→ WHAT IS EXPECTED
Leaving out the images, return the data below exactly as it is written.

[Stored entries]
====
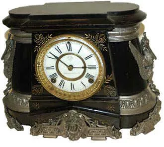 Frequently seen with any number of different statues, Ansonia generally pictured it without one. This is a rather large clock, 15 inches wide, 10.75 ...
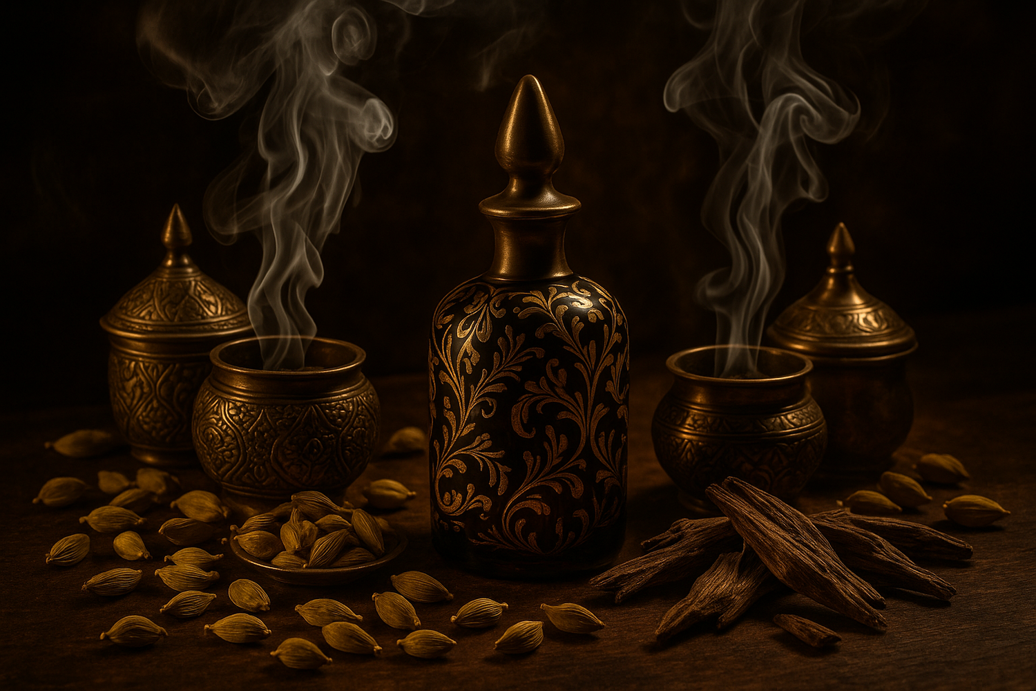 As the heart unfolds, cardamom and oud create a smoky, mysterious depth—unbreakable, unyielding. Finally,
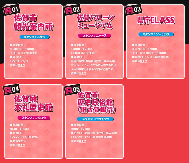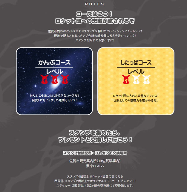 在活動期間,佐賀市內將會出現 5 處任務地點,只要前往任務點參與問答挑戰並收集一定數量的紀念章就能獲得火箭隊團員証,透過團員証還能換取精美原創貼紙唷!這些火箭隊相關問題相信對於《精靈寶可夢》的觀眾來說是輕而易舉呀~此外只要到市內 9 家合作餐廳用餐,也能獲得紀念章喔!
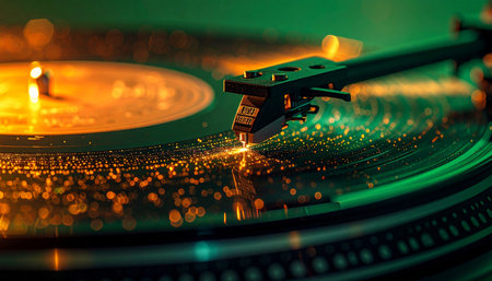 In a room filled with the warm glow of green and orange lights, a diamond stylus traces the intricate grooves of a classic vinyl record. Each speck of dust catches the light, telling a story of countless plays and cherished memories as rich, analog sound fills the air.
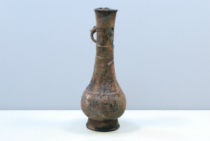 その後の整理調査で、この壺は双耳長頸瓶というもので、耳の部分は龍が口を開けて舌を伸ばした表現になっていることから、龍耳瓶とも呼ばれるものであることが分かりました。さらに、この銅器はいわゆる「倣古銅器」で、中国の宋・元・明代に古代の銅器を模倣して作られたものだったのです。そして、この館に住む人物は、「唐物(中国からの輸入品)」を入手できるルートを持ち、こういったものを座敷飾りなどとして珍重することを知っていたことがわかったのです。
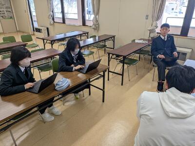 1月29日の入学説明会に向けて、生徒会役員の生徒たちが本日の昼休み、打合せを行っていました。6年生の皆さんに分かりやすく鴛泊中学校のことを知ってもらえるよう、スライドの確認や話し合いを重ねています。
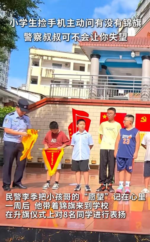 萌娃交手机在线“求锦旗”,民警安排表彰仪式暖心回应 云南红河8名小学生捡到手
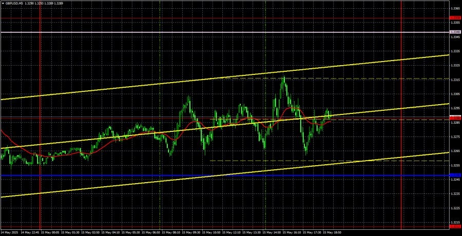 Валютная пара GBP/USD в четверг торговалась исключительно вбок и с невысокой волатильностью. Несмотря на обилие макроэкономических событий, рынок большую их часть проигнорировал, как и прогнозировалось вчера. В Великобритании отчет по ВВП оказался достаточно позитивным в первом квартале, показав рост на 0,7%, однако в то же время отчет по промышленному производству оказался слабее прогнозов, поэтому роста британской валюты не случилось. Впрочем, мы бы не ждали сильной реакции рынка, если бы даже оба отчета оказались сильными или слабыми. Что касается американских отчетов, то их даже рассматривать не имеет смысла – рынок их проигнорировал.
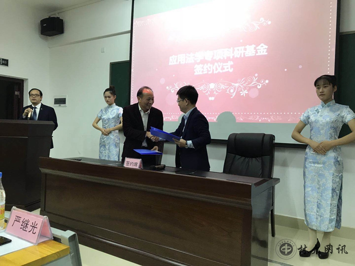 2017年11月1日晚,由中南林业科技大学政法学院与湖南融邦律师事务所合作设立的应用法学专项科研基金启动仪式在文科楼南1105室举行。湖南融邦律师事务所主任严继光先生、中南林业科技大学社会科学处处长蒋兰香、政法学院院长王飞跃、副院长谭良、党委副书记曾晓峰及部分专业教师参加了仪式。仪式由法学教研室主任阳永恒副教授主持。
====
→ SOLUTION TO THE EXERCISE
 Frequently seen with any number of different statues, Ansonia generally pictured it without one. This is a rather large clock, 15 inches wide, 10.75 ...
 As the heart unfolds, cardamom and oud create a smoky, mysterious depth—unbreakable, unyielding. Finally,
 在活動期間,佐賀市內將會出現 5 處任務地點,只要前往任務點參與問答挑戰並收集一定數量的紀念章就能獲得火箭隊團員証,透過團員証還能換取精美原創貼紙唷!這些火箭隊相關問題相信對於《精靈寶可夢》的觀眾來說是輕而易舉呀~此外只要到市內 9 家合作餐廳用餐,也能獲得紀念章喔!
 In a room filled with the warm glow of green and orange lights, a diamond stylus traces the intricate grooves of a classic vinyl record. Each speck of dust catches the light, telling a story of countless plays and cherished memories as rich, analog sound fills the air.
 その後の整理調査で、この壺は双耳長頸瓶というもので、耳の部分は龍が口を開けて舌を伸ばした表現になっていることから、龍耳瓶とも呼ばれるものであることが分かりました。さらに、この銅器はいわゆる「倣古銅器」で、中国の宋・元・明代に古代の銅器を模倣して作られたものだったのです。そして、この館に住む人物は、「唐物(中国からの輸入品)」を入手できるルートを持ち、こういったものを座敷飾りなどとして珍重することを知っていたことがわかったのです。
 1月29日の入学説明会に向けて、生徒会役員の生徒たちが本日の昼休み、打合せを行っていました。6年生の皆さんに分かりやすく鴛泊中学校のことを知ってもらえるよう、スライドの確認や話し合いを重ねています。
 萌娃交手机在线“求锦旗”,民警安排表彰仪式暖心回应 云南红河8名小学生捡到手
 Валютная пара GBP/USD в четверг торговалась исключительно вбок и с невысокой волатильностью. Несмотря на обилие макроэкономических событий, рынок большую их часть проигнорировал, как и прогнозировалось вчера. В Великобритании отчет по ВВП оказался достаточно позитивным в первом квартале, показав рост на 0,7%, однако в то же время отчет по промышленному производству оказался слабее прогнозов, поэтому роста британской валюты не случилось. Впрочем, мы бы не ждали сильной реакции рынка, если бы даже оба отчета оказались сильными или слабыми. Что касается американских отчетов, то их даже рассматривать не имеет смысла – рынок их проигнорировал.
 2017年11月1日晚,由中南林业科技大学政法学院与湖南融邦律师事务所合作设立的应用法学专项科研基金启动仪式在文科楼南1105室举行。湖南融邦律师事务所主任严继光先生、中南林业科技大学社会科学处处长蒋兰香、政法学院院长王飞跃、副院长谭良、党委副书记曾晓峰及部分专业教师参加了仪式。仪式由法学教研室主任阳永恒副教授主持。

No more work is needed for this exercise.